In truth, my family is probably much more interested–and justifiably so–in taking me apart after two long drives in 3 days.
(If this doesn’t get my wife to comment on my blog, nothing will….)
*this is the final excerpt from what I’ve called the “big truck” series–an abandoned, unfinished road trip novel I lost interest in 17 years ago and recently revisited. I added it partially in response to posts by our friends over at the excellent Great Plains Trail blog–where they’re building something awesome.
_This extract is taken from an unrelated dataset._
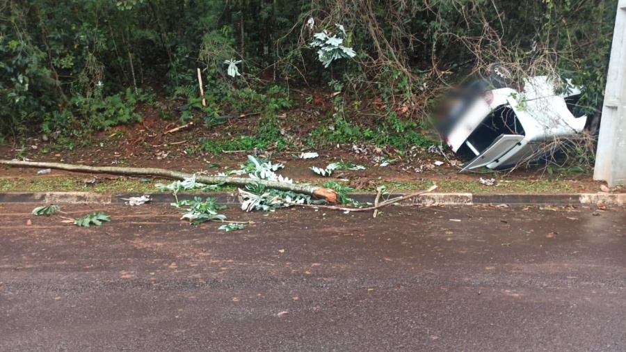 Motorista perde o controle da direção em curva, derruba árvore e capota veículo na Rua Alemanha
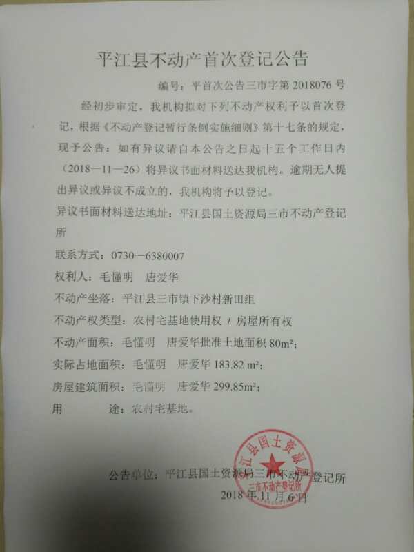 毛懂明 唐爱华不动产首次登记公告 三市字第2018076号

The Great Plains are remarkable, and filled with beauty and wonder both magnificent and subtle, but all that open land always strikes me as a little spooky, a sentiment that carried over into the following passage
From the hive he drove straight on, stopping three hundred miles in, when the fuel tank approached one quarter. Standing tight-shouldered and shivering at a self-service pump, feeling the fuel surge through the hose and into the truck, a tangible exchange of power, perched on the edge of unending Iowa, he looked out on hard gray fields frosted soil and stubble pierced here and there with copses of trees clustered about tiny empires of tidy framed houses, barns, and outbuildings: feudal kingdoms of maize, wheat, and soy. He wondered what sort of paradise it would be once the trees donned their canopies; but something about the flatness of the land unnerved a young man who had spent the relatively few years of his life traveling far, but only in latitudes, only up and down the broad, fecund spine of the Appalachians and the lands that separated those ancient mountains from the sea that once lapped at their flanks. Too young to fear death or need great favors, his musings rarely turned to the protestant God who had perched, predatory, above his childhood, but he thought it chilling that in the great exposures of plain and prairie, there was no place to cower and hide and cringe-that God could reach down to smite and scatter and howl vengeance unimpeded by mountain or foothill or cliff. And indeed He did, Hart realized, needing no great powers of concentration to recall the droughts and floods and blizzards and twisters that ravaged the region in biblical justice, almost ritually scourged and scoured the Midwest. He supposed that these were the prices exacted for the privilege of living in the long, flat shadow of God.